Study: More than 600,000 die from secondhand smoke


Associated Press

LONDON

Secondhand smoke kills more than 600,000 people worldwide every year, according to a new study.

In the first look at the global impact of second-hand smoking, researchers analyzed data from 2004 for 192 countries. They found 40 percent of children and more than 30 percent of nonsmoking men and women regularly breathe in secondhand smoke.

Scientists then estimated that passive smoking causes about 379,000 deaths from heart disease, 165,000 deaths from lower respiratory disease, 36,900 deaths from asthma and 21,400 deaths from lung cancer a year.

Altogether, those account for about 1 percent of the world’s deaths. The study was paid for by the Swedish National Board of Health and Welfare and Bloomberg Philanthropies. It was published today in the British medical journal Lancet.

“This helps us understand the real toll of tobacco,” said Armando Peruga, a program manager at the World Health Organization’s Tobacco-Free Initiative, who led the study.

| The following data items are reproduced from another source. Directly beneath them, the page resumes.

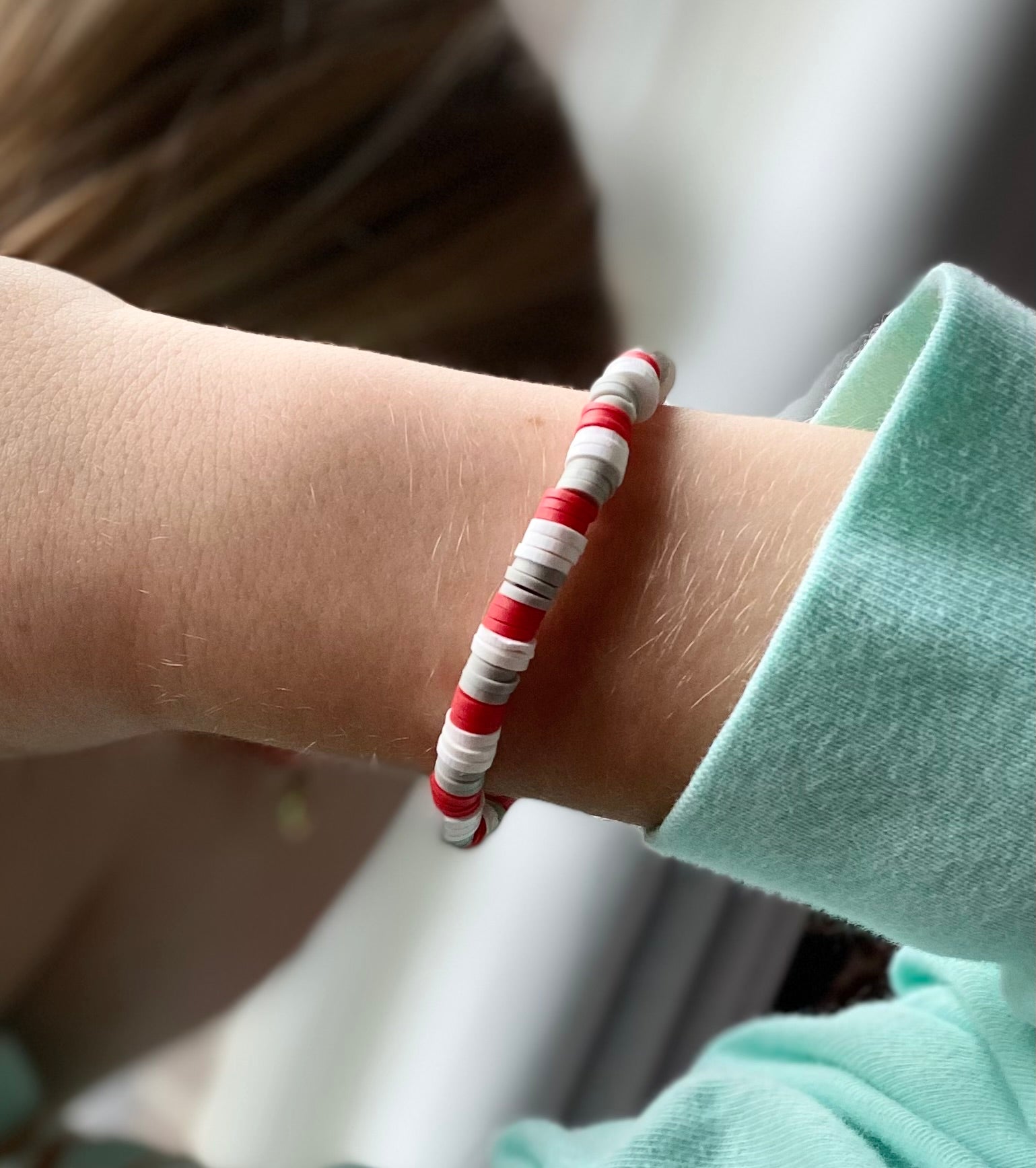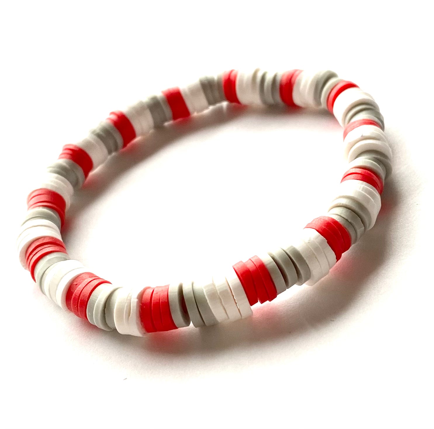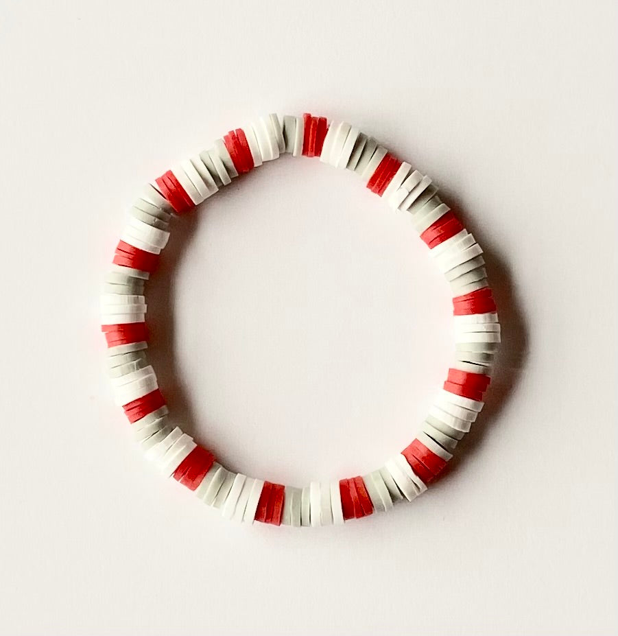 Strung on stretchy clear string, this bracelet brings an energizing pop of color into a pattern of gray and white clay beads.
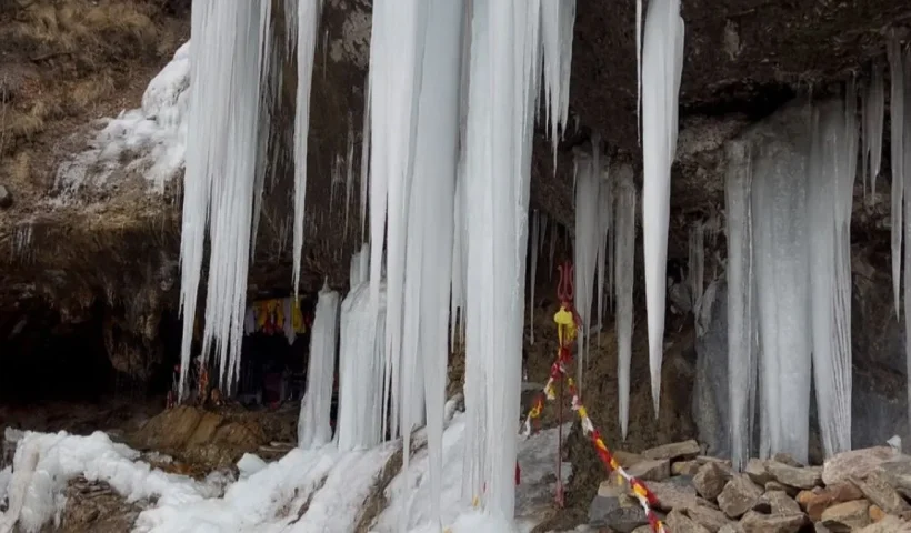 कड़ाके की ठंड में उच्च हिमालयी क्षेत्रों में जम गए झरने, टिम्मरसैंण में बर्फ का शिवलिंग लेने लगा आकार
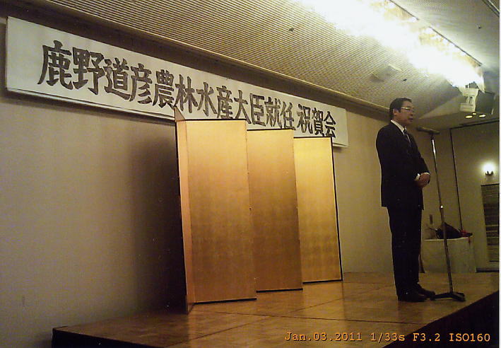 鹿野大臣からは挨拶をいただいたが氏は今後の日本の農業の展望とそれに対す

He said the approximately 603,000 deaths from secondhand smoking should be added to the 5.1 million deaths that smoking itself causes every year.

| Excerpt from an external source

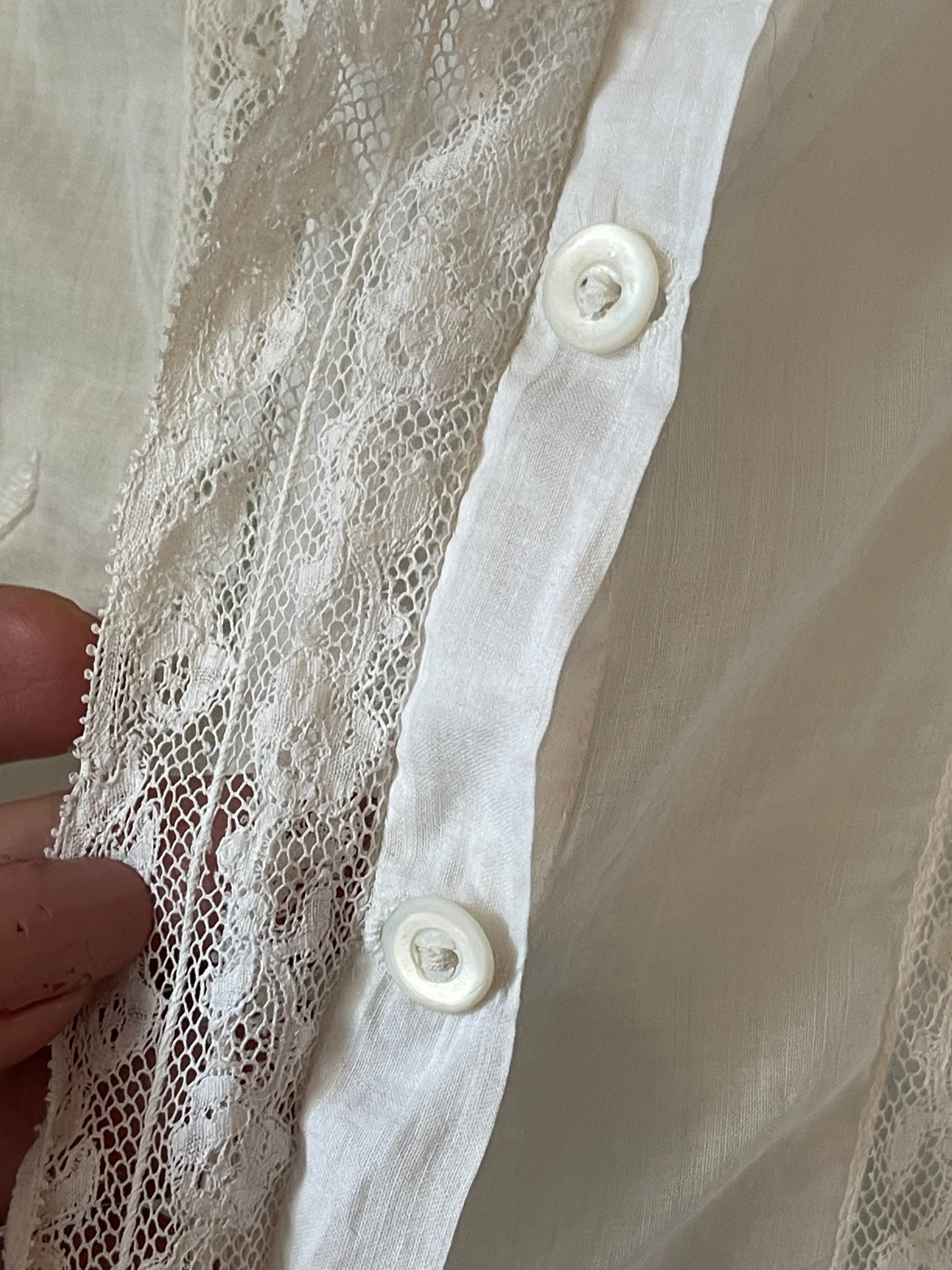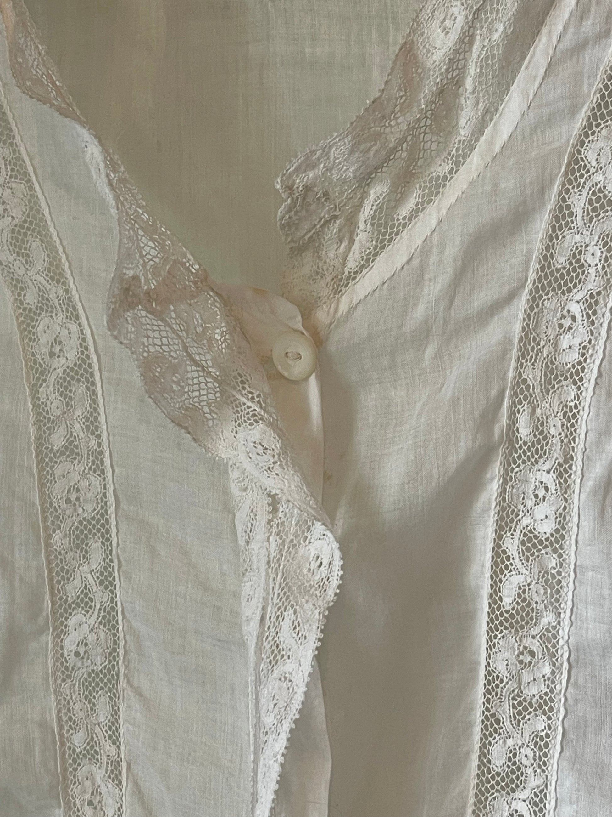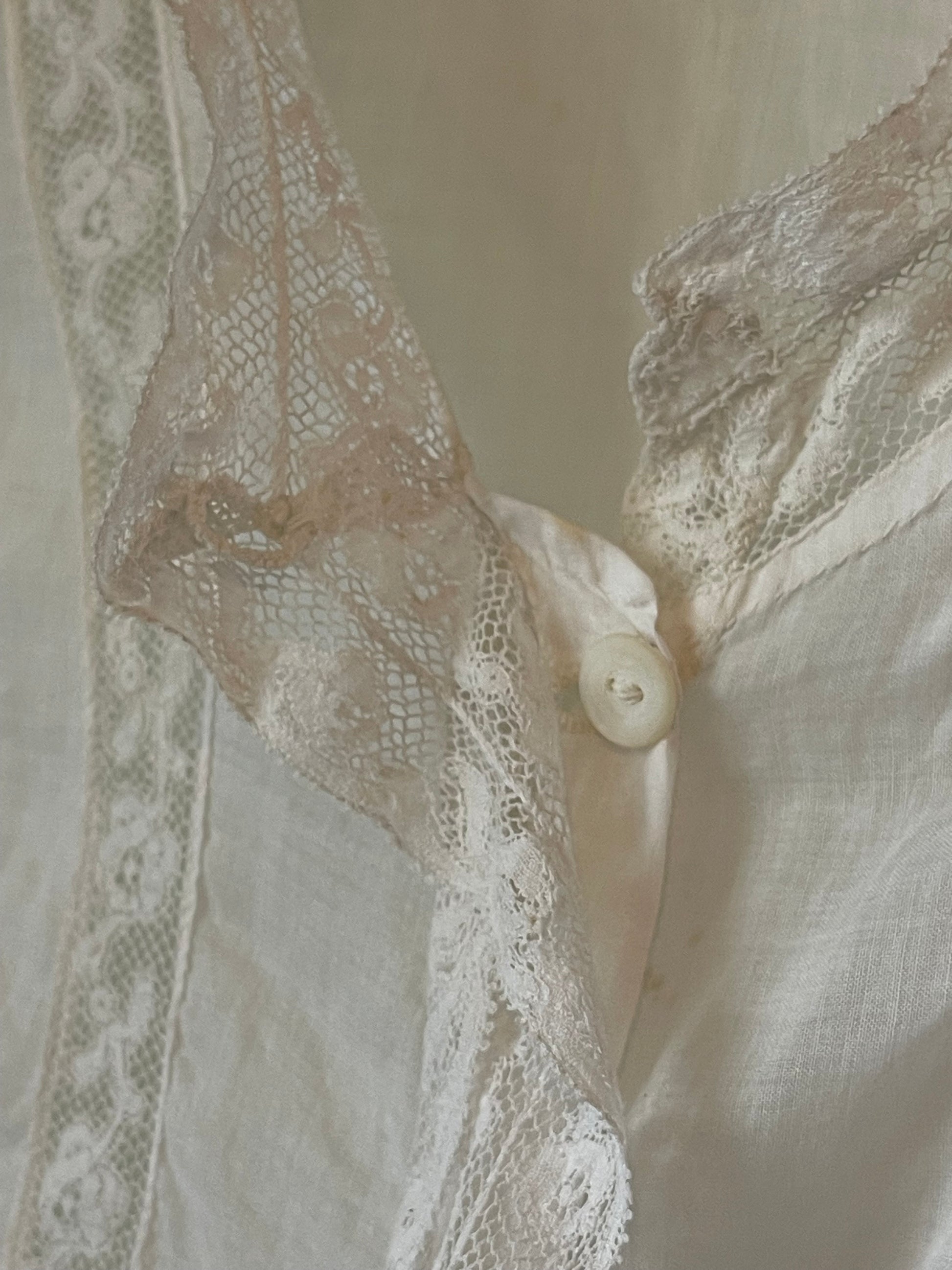 A whisper of a blouse, handmade in fine cotton lawn between the Edwardian and early 1920s eras.
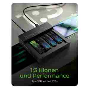 IB-4013MCL-C4 je klonirna postaja, zasnovana za hiter dostop in kloniranje do štirih M.2 NVMe SSD-jev. Podpira 1:3 offline kloniranje, visoke hitrosti prenosa do 40 Gbit/s in delovanje vsakega SSD-ja do 16 Gbit/s. Ohišje iz aluminija ter aktivno hlajenje z ventilatorjem omogočata učinkovito odvajanje toplote. Primeren je za diske velikosti 22×30/42/60/80 mm.

Peruga said WHO was particularly concerned about the 165,000 children who die of smoke-related respiratory infections, mostly in Southeast Asia and Africa.

“The mix of infectious diseases and secondhand smoke is a deadly combination,” Peruga said. Children whose parents smoke have a higher risk of sudden infant death syndrome, ear infections, pneumonia, bronchitis and asthma. Their lungs may also grow more slowly than kids whose parents don’t smoke.

Peruga and colleagues found the highest numbers of people exposed to secondhand smoke are in Europe and Asia. The lowest rates of exposure were in the Americas, the Eastern Mediterranean and Africa.